Les résultats sont sans appel, et représentatifs de la colère de tout un secteur. Parmi les 1593 répondants, une écrasante majorité (73%) modifiera son exercice, ce qui aura des conséquences lourdes pour l’accès aux soins : 358 se disent prêts à se déconventionner et à poursuivre leur activité médicale, 168 praticiens envisagent de prendre leur retraite – en particulier ceux de plus de 60 ans, 114 de partir exercer à l’étranger et, enfin, 104 médecins pensent à se reconvertir dans un autre domaine que la médecine. 188 envisagent de développer une activité médicale hors champ conventionnel. Pour 359 médecins franciliens, l’adoption de propositions de loi coercitives et la signature éventuelle de la convention médicale ne changera pas leur exercice libéral, qu’ils ne modifieront pas. Seuls 36 répondants envisagent d’adhérer au contrat d’engagement territorial (CET) – qui a provoqué le départ des syndicats médicaux des groupes de travail techniques avec la Cnam, et à s’inscrire "dans l’esprit de la loi". D’après le sondage, les plus jeunes apparaissent les plus déterminés à bouleverser leur activité, qu’il s’agisse d’un déconventionnement, d’un virage vers le salariat ou d’une reconversion par exemple.

Source : URPS Ile-de-France

  Chez les médecins généralistes de la région, l’hypothèse d’une modification de l’activité est plus forte. Quatre généralistes sur 5 changeraient leur pratique si les propositions de loi jugées "délétères" passaient et si la future convention imaginée par la Cnam – notamment une hausse d’1,5 euro du tarif de la consult’ - devenait une réalité. Ils sont 270 à songer à se déconventionner, 138 à considérer un poste salarié, 108 à envisager de prendre leur retraite, et 87 à penser partir exercer à l’étranger. Seuls 29 se disent prêts à adhérer au CET.

Source : URPS Ile-de-France

Si la PPL Rist sur l’accès direct ou encore les propositions de loi du socialiste mayennais Guillaume Garot de régulation à l’installation, entre autres, sont votées, "il faudra se préparer à une diminution de la qualité de notre système de santé et une augmentation des risques dans un système de soins en France déjà mis à mal par une longue chaîne de réformes. Les médecins franciliens rejettent ces lois qui contribuent à dégrader la pratique médicale, quitte à opter pour le déconventionnement", alerte l’URPS Ile-de-France, dans un communiqué.

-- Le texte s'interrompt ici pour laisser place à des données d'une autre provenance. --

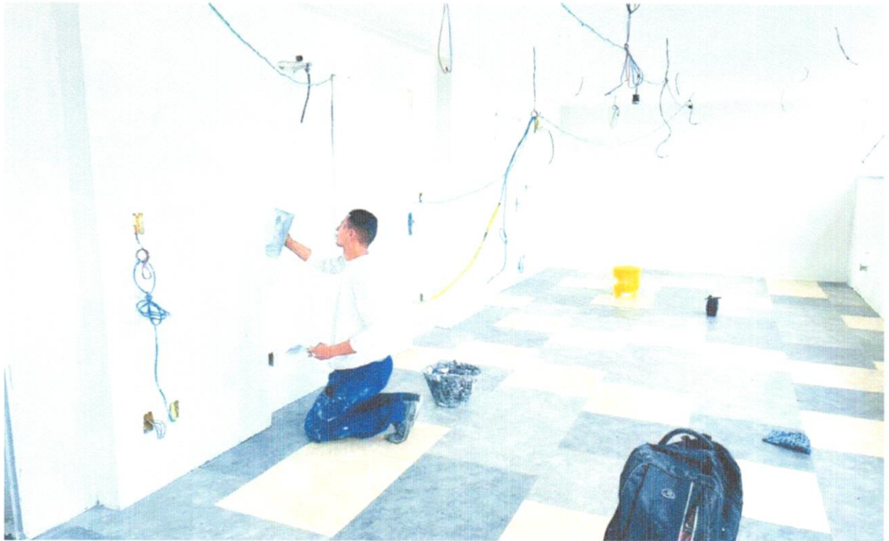
FOTO 24 - EMASSAMENTO COM MASSA A OLEO, DUAS DEMAS

L’Union prône plusieurs "solutions concrètes" afin de "sauver la médecine libérale". En premier lieu, l’URPS appelle à "rendre le modèle d’exercice attractif et simple" afin de susciter des installations de jeunes. "La valorisation de l’exercice doit tenir compte des coûts réels de pratique", écrit-elle, estimant que l’harmonisation des tarifs de consultations et d’actes sur la moyenne européenne permettrait de redonner "la possibilité aux médecins d’avoir un exercice médical innovant et soutenu par un secrétariat". L’emploi d’"assistants administratifs en toute autonomie sans subventions éphémères et complexes" doit être encouragé. Objectif : gagner du temps médical. Les "complexités administratives et certificats inutiles" doivent être supprimés, souligne l’URPS. Le ministre de la Santé, François Braun, a justement annoncé la semaine dernière 15 mesures afin de réduire les tâches administratives des médecins. Une chasse aux lapins doit également être lancée, estime l’Union, qui a enquêté sur ce fléau l’été dernier. Alors que nombre de praticiens, éreintés, envisagent de prendre leur retraite, l’URPS prône une incitation fiscale pour les médecins de plus de 65 ans afin qu’ils poursuivent leur carrière. Enfin, face au manque de praticiens disponibles, il apparaît indispensable "d’anticiper le nombre de médecins à former chaque semestre adapté aux besoins des territoires et du zonage en encourageant la formation des internes par des stages en médecine libérale".   *La moyenne d’âge des répondants est de 48 ans, soit plus jeune que la population interrogée (57 ans).